Denyse Thomasos at the AGO

Metropolis (2007) by Denyse Thomasos
“Metropolis”, 2007, by Denyse Thomasos. Collection of the Art Gallery of Ontario.

This week I had a day off and decided to go to the Art Gallery of Ontario, with no particular agenda. And I was absolutely blown away by the exhibit Denyse Thomasos: Just Beyond.

I’d never heard of Thomasos (1964–2012) before, or seen any of her work. That added to the thrill of wandering aimlessly up to the fifth-floor gallery and encountering this art for the first time, without any preconceived ideas.

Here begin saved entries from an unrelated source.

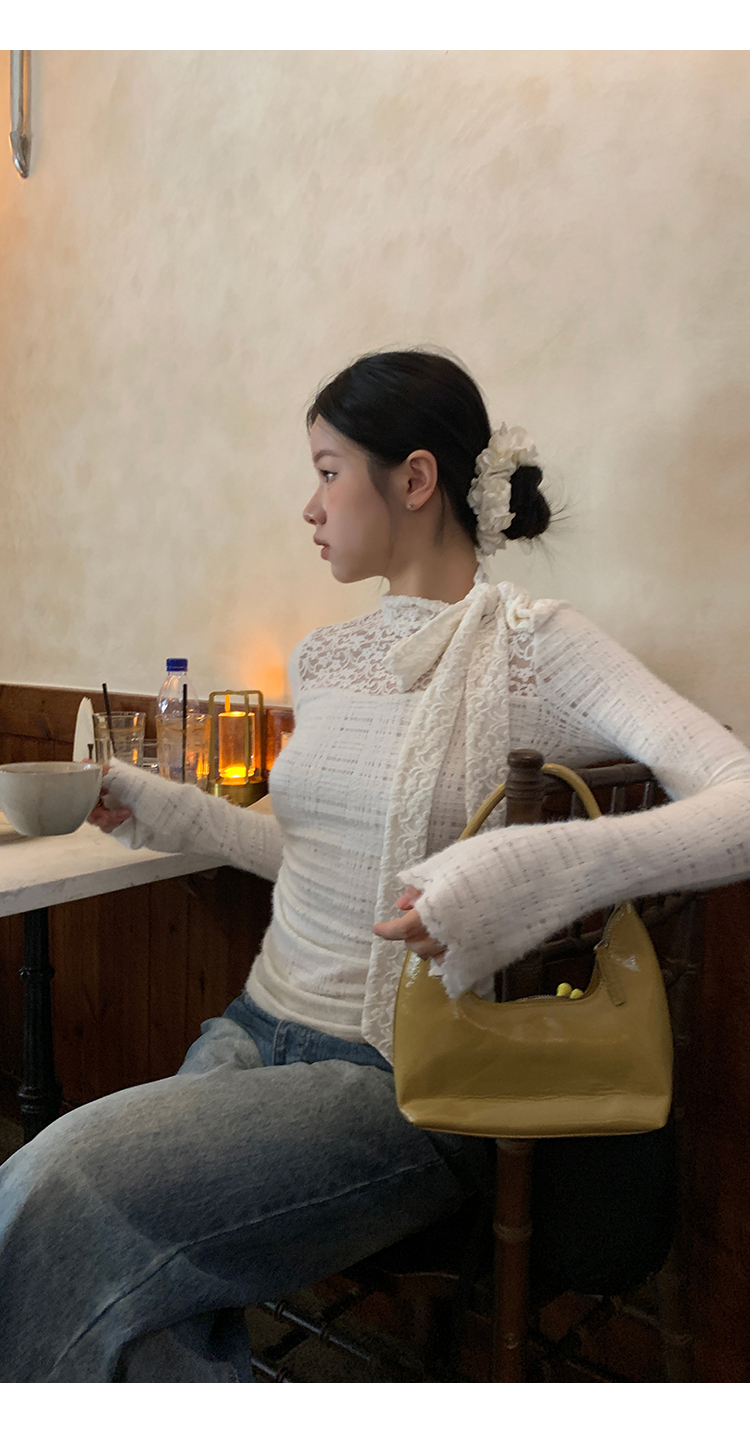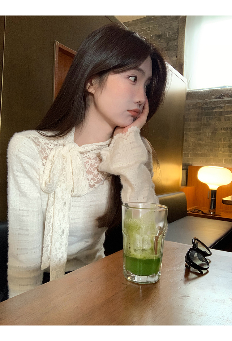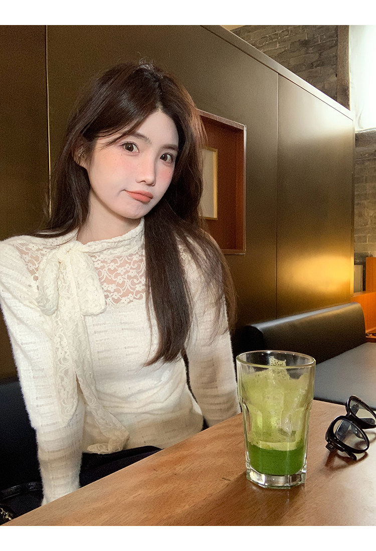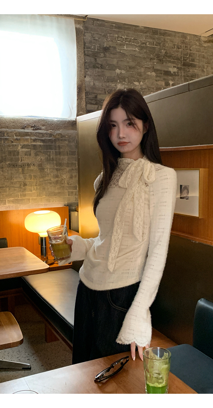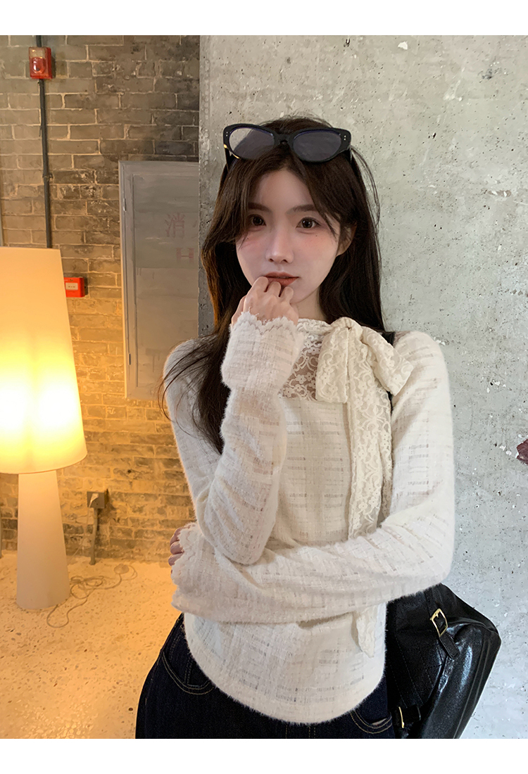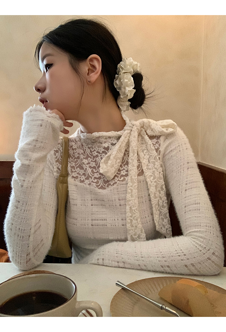 【W】Áo Thun Dài Tay Nữ Ren Bow tie straps Ôm body Thời trang Top khí chất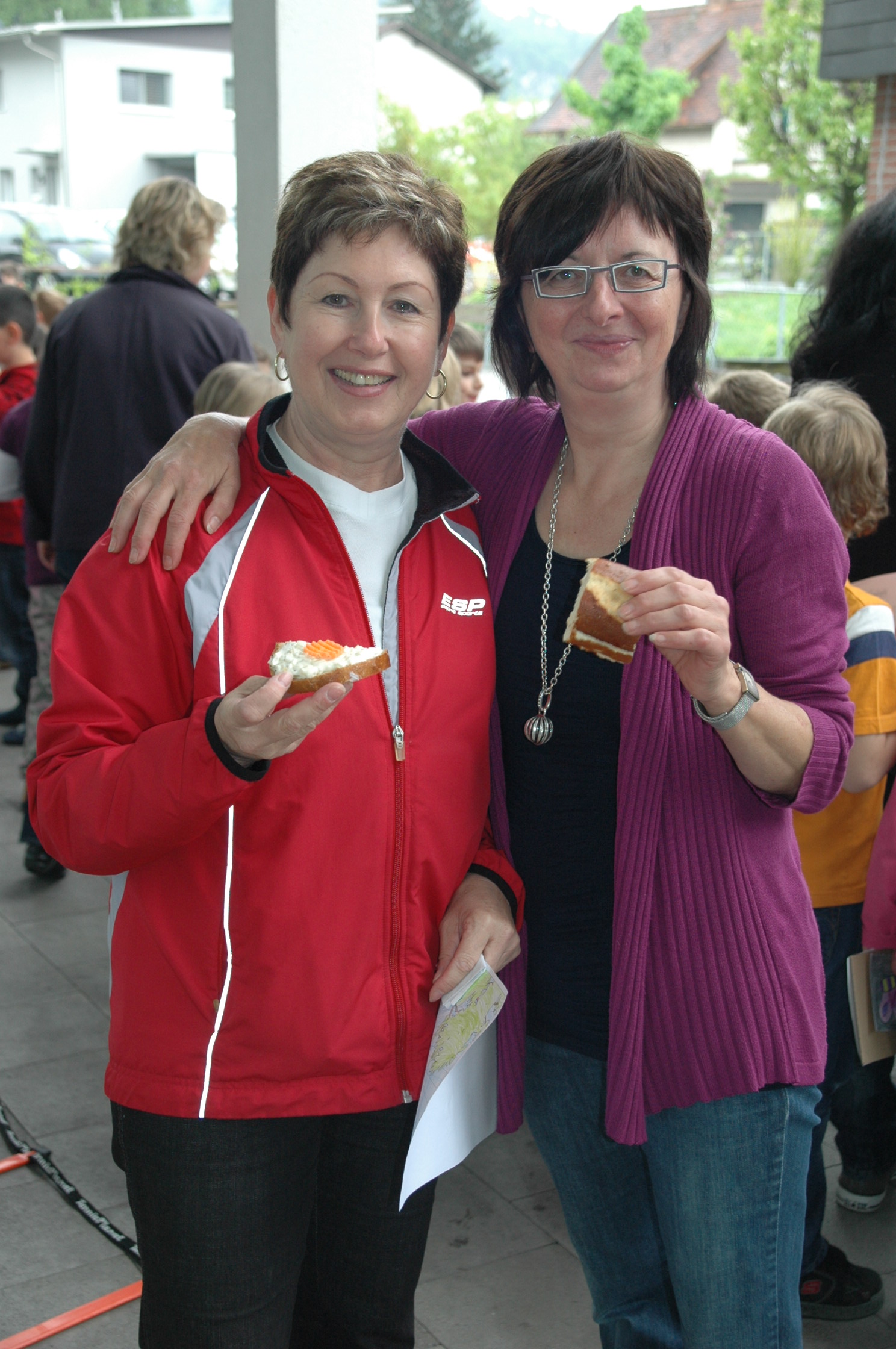 (li.) Direktorin Reingard Domig mit einer Mutter / Elternvertreterin: Auch Erwachsene brauchen eine gesunde Pause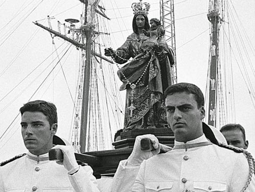 La liturgia de la misa marinera – no muy conocida fuera del ambiente naval – reza en el ofertorio las siguientes estrofas: “Bendícenos Señor, bendice a España, danos vientos propicios a nuestras naves, sirviendo a España, Señor, Señor…..”.02.- guardiamarinas-horizonta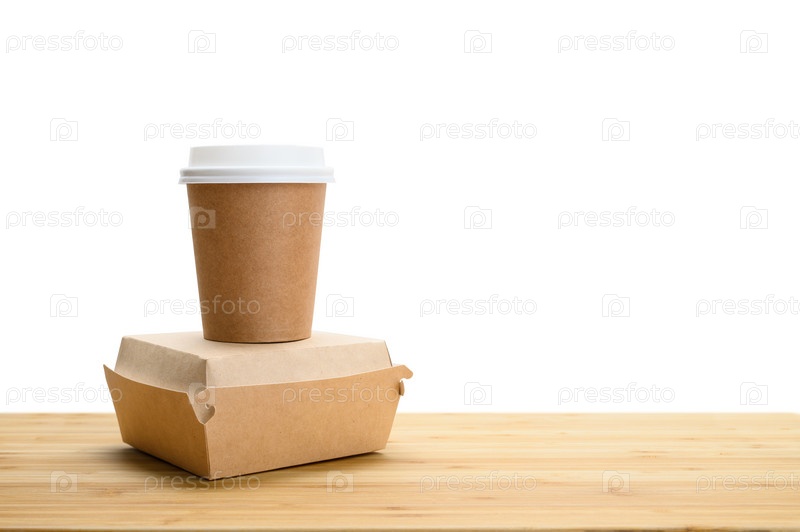 Бумажный стаканчик для кофе и контейнер с гамбургером на деревянном столе на белом изолированном фоне. копировать пространство

What I like most about these paintings is the way they skate the line between abstract and figurative, organic and manufactured. Big, drippy expressionist strokes, interlaid with regimented, architectural geometries.

Bone structures, shipping containers, urban infrastructure, prison cells — you get these snatches of recognition without ever quite fixing your eye on a recognizable object. Dense layering means there’s always something pulling your gaze elsewhere on the canvas. They're easy to get lost in.

Left: Dos Amigos (Slave Boat), 1993; Right: Virtual Incarceration (1999); both by Denyse Thomasos
Two paintings by Denyse Thomasos. Left: “Dos Amigos (Slave Boat)”, 1993, Collection of Cadillac Fairview; Right: “Virtual Incarceration”, 1999, Estate of Denyse Thomasos and Olga Korper Gallery.

The political content here is pointed, without ever being didactic. One painting, Virtual Incarceration (11 feet tall by 20 feet wide) is monumentally large, but still manages to produce a cramped and crowded visual effect, with warped and unsettled perspective planes. I find it rare for abstract painting to achieve this kind of synthesis, where the visual and conceptual content complement one another so clearly.

Anyway, I really liked this show! It’s delightful to stumble over something you’ve never seen before and feel so instantly at home with it. Just Beyond is at the AGO through February 2023.